If you specify a chunk that is already populated it will be overwritten instead of appended. This example will overwrite sensor1logs with sensor2logs. It is similar to the first example (rita import --delete) except this dataset has been converted to a rolling dataset. But the output of the show-* commands here would be the same as the first example.
rita import --rolling sensor1logs sensor-data
rita import --chunk 0 sensor2logs sensor-data
With all that said, you can append to a dataset by using a different chunk. But you cannot append to a chunk. In our commercial product we import all the sensors at the same time into the same chunk. In your scenario you can't do this because your rita commands are run from different systems.

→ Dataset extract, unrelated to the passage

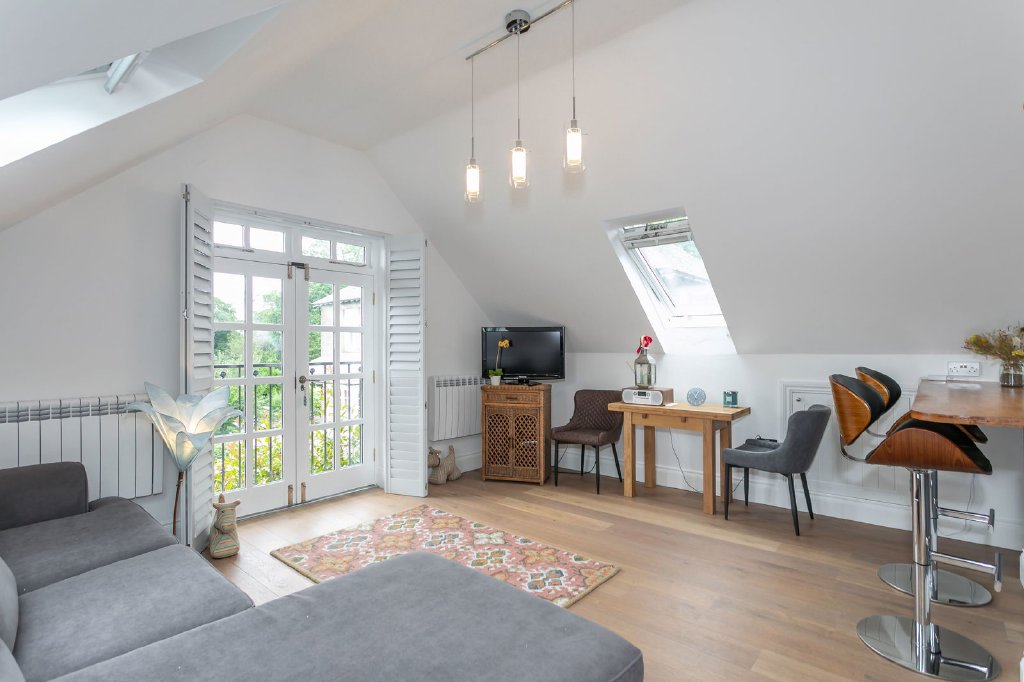 The impressive, detached garage was designed to echo the architectural style of the house. A pair of electric doors open to a space intended to potentially accommodate three cars with additional room at the back for a workshop. External steps lead to the first floor, here the self-contained studio flat is ideal for dependent relatives or guests who would appreciate a degree of independence from the main residence. It would also make a super home office for working free of distraction or as space to spread out and indulge a hobby. The main open plan room has a well equipped kitchen and depending on how you see this area being used, space for work stations or a sofa bed; French windows open to a Juliet balcony and the fabulous far reaching panoramic view beyond. The attractively appointed bathroom provides every convenience.

Here's what I would suggest: Make a single dataset with 48 chunks instead of 24 (or expand this to your number of sensors * 24). Then schedule the command on each rita system to run every hour. Each sensor will import its own hour of logs into a new chunk. Even though multiple chunks will cover the same time period that should still work fine as the entire dataset will be for a contiguous 24 hours.
rita import --rolling --numchunks 48 sensor1logs sensor-data
rita import --rolling --numchunks 48 sensor2logs sensor-data
You might need to be a little careful though. I'm not completely sure how rita will handle concurrent imports on the same dataset. You may need to stagger your import commands to be sure they don't end up trying to write to the some chunk and clobber each other. Or do some testing first to see if rita handles that scenario correctly or not (we appreciate bug reports as well :smile: ).
Thanks for the detailed answer, @ethack ! I'll do some testing, and report back to confirm the procedure, or let you know if there I run into anything.